What to work on =>
Which lines below contain "more"? Pull them out.

########

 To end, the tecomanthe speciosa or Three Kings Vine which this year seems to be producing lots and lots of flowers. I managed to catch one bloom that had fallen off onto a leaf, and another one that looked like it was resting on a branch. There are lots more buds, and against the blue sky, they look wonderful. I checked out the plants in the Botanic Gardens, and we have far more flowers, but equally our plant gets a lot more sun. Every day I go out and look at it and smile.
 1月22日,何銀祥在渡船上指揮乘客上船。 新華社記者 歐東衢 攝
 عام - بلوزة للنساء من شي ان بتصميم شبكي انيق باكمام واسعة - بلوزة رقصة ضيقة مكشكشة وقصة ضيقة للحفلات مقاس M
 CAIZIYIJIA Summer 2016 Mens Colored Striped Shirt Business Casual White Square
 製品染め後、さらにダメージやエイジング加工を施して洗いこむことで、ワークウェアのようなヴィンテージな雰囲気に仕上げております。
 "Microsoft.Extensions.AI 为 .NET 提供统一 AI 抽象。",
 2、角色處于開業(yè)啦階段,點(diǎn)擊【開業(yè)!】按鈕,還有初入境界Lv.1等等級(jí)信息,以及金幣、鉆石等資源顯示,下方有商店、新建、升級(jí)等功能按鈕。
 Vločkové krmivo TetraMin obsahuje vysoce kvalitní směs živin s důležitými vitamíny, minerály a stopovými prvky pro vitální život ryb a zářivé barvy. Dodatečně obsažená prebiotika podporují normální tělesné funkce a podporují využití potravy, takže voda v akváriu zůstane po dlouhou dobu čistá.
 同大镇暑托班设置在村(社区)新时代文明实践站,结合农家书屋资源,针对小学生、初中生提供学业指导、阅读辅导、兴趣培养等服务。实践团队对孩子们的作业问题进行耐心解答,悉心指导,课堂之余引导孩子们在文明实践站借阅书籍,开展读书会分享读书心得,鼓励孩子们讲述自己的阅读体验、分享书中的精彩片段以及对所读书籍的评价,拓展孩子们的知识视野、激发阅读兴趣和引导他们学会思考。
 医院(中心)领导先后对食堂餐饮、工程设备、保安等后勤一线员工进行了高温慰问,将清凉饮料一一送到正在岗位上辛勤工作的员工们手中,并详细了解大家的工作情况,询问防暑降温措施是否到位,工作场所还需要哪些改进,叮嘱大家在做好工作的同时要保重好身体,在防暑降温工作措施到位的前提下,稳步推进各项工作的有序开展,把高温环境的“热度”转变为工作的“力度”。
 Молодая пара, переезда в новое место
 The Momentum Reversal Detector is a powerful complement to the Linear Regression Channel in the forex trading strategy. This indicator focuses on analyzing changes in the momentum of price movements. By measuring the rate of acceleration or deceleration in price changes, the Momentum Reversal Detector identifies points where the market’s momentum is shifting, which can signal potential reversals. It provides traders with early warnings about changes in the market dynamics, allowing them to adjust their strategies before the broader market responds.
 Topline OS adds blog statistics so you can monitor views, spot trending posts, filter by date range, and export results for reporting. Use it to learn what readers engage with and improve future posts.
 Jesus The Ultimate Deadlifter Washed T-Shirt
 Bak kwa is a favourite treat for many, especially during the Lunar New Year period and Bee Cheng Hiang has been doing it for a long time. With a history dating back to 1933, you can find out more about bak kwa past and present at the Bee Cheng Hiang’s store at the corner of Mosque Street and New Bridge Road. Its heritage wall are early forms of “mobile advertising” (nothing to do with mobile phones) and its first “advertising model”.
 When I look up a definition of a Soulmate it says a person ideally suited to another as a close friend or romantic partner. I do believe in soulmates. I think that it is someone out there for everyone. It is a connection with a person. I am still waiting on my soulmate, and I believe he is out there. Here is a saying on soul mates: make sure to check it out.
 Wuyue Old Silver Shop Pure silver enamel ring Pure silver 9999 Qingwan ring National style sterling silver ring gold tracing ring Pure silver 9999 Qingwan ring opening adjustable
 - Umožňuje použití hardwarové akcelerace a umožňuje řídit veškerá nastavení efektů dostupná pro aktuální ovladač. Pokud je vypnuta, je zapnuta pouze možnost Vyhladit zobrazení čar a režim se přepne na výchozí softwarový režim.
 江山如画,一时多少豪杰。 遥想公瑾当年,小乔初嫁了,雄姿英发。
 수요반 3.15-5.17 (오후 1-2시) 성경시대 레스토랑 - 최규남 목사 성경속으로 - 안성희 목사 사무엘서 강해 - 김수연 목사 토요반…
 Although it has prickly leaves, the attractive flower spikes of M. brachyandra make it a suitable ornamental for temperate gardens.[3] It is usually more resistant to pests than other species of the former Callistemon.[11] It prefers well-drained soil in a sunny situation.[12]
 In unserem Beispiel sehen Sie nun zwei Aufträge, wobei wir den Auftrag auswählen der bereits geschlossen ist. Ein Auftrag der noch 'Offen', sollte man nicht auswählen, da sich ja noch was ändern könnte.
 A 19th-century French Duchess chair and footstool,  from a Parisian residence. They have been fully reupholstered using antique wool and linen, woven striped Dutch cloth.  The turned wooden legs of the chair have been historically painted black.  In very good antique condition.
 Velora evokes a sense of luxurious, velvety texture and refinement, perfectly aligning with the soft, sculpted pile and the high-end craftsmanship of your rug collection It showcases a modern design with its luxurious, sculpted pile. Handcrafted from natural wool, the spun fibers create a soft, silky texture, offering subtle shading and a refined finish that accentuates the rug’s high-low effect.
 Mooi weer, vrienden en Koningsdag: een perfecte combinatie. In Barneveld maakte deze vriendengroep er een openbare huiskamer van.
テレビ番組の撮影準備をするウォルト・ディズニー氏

########

Exercise response =>
 To end, the tecomanthe speciosa or Three Kings Vine which this year seems to be producing lots and lots of flowers. I managed to catch one bloom that had fallen off onto a leaf, and another one that looked like it was resting on a branch. There are lots more buds, and against the blue sky, they look wonderful. I checked out the plants in the Botanic Gardens, and we have far more flowers, but equally our plant gets a lot more sun. Every day I go out and look at it and smile.
 Bak kwa is a favourite treat for many, especially during the Lunar New Year period and Bee Cheng Hiang has been doing it for a long time. With a history dating back to 1933, you can find out more about bak kwa past and present at the Bee Cheng Hiang’s store at the corner of Mosque Street and New Bridge Road. Its heritage wall are early forms of “mobile advertising” (nothing to do with mobile phones) and its first “advertising model”.
 Although it has prickly leaves, the attractive flower spikes of M. brachyandra make it a suitable ornamental for temperate gardens.[3] It is usually more resistant to pests than other species of the former Callistemon.[11] It prefers well-drained soil in a sunny situation.[12]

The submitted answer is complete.